**The problem**
An exact transcription of the listing, without its images, is what the answer must contain.

**Stored data**
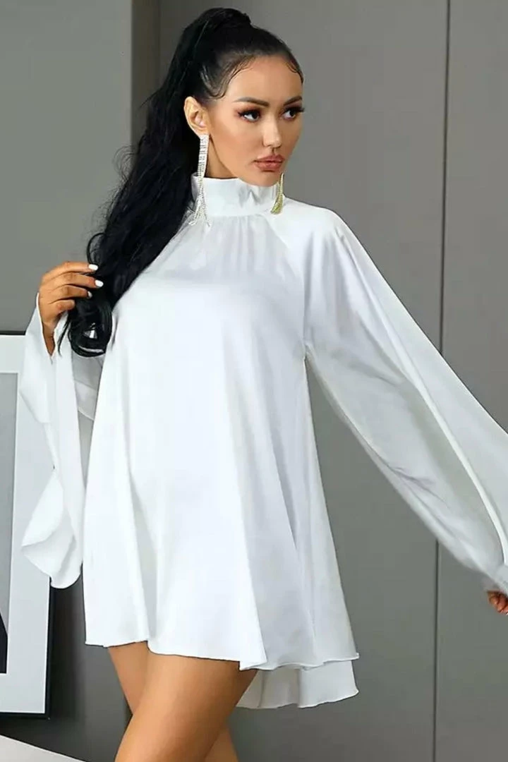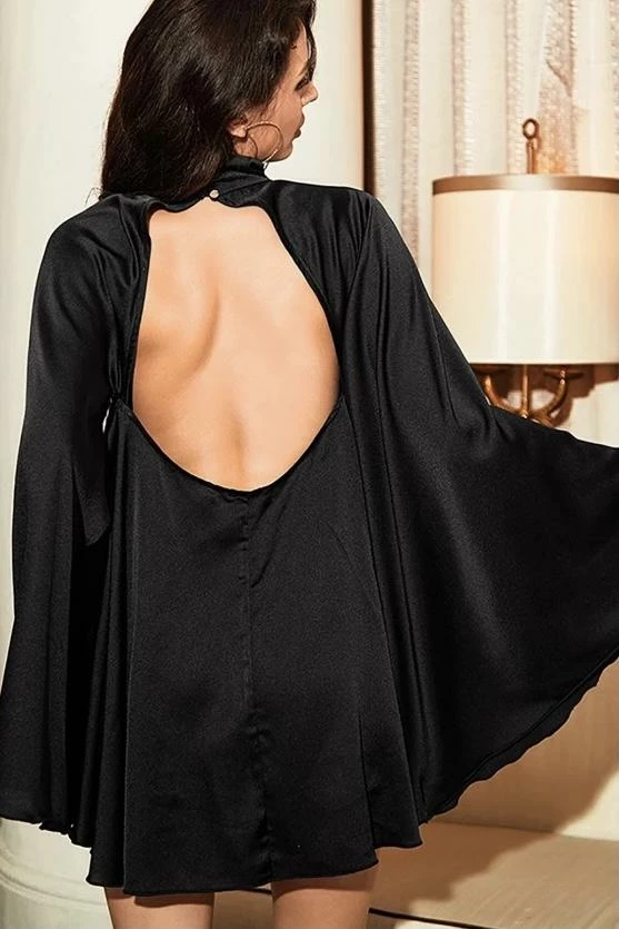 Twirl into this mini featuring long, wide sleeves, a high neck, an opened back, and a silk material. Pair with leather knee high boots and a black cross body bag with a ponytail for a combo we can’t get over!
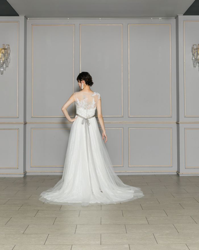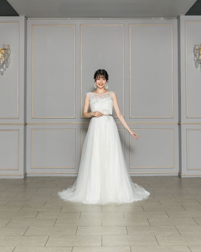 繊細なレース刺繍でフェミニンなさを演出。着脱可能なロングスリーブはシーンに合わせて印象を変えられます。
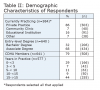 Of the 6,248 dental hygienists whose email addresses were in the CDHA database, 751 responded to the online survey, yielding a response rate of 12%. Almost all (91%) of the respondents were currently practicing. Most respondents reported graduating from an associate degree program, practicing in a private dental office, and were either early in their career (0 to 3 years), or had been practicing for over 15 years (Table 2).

**Task output**
 Twirl into this mini featuring long, wide sleeves, a high neck, an opened back, and a silk material. Pair with leather knee high boots and a black cross body bag with a ponytail for a combo we can’t get over!
 繊細なレース刺繍でフェミニンなさを演出。着脱可能なロングスリーブはシーンに合わせて印象を変えられます。
 Of the 6,248 dental hygienists whose email addresses were in the CDHA database, 751 responded to the online survey, yielding a response rate of 12%. Almost all (91%) of the respondents were currently practicing. Most respondents reported graduating from an associate degree program, practicing in a private dental office, and were either early in their career (0 to 3 years), or had been practicing for over 15 years (Table 2).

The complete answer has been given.